Now that we have the frontend and the communication between the processing system ready, we can move on to the engine of the system i.e. the actual method which we experimented with during our research. The Processing block of the system i.e. "Retrieval of Quranic Verses" part would use pre-embed verses of the Quran i.e. all 6236 verses of the Holy Quran from all 3 languages excluding the count of "BismilLah" verses. By doing this, we save the cost (in terms of time and responsiveness) of creating a model and have the embeddings be made for all Quranic verses in advance which can then be used to calculate similarity against using the similarity metric of our choice i.e. "Cosine Similarity". For embeddings, we intend to save them from two top-performing models and then using them to calculate similarity against the query we have from the front-end. Finally, the system sorts the similarity detail given by the deep learning model and returns the top 10 most related verses to the user's front-end interface through REST APIs.

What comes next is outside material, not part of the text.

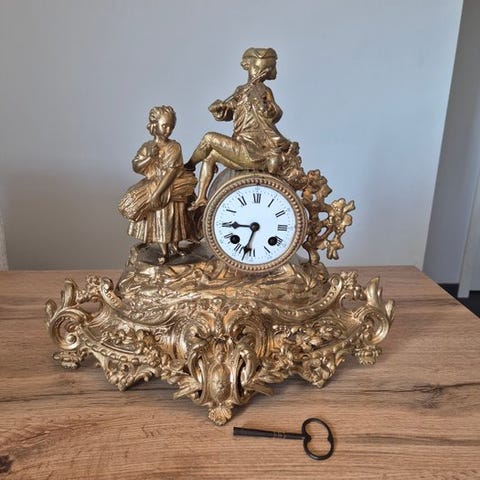 Et schweizisk bordur ur fra 1960-1970 af Imhof, kabinet i forgyldt Messing med florale udskæringer i historiserende barok- og rokoko-stil, mekanisk otte-dages værk, ikke slag, i god brugt stand. Klik på den blå "gå til varen" knap, for at købe eller byde på denne vare. Den samlede pris vil blive vist inden du afgiver dit bud.

Benefits of the ProjectThis research project is being carried out to solve a problem for Muslims all over the world. The problem being the fact that first, an average person does not know which para, section, or verse of The Holy Quran talks about whatever the concern of the person in question is. Therefore, our method aims to provide a solution to this first problem by using semantic search techniques to find and deliver related verses in response to the query of the user. The second part (literally) of the project aims to solve the other half of this project i.e. Did the user understand the verse correctly? To test himself and shortlist the ayah and results for the respective precedents and antecedents, the user can consult a professional with the shortlisted results. When used in tandem, they essentially cut the cost in half in terms of time and effort.
Technical Details of Final Deliverable- Explore and analyze which techniques, methods, and deep learning models would be beneficial for the purpose of solving the research problem.
- Identify 3 Pre-trained models to use for evaluation and testing in the project and 1 VSM model (Classical Machine learning NLP) approach.
- Use the preceding details to decide which techniques or models to use for our Production (User facing) Application.
- Test and decide on Semantic Search Performers and find pros and cons for each.
- Implement Semantic Search System for APIs.
- Fine-tuning Dataset for Natural Language Inference.
- Find out performer-models for Natural Language Inference.
- Implement Natural Language Inference System for APIs.
- Develop a User Facing Application and communicate with Server through REST APIs.
- Implement Server Application and the relevant APIs and processes.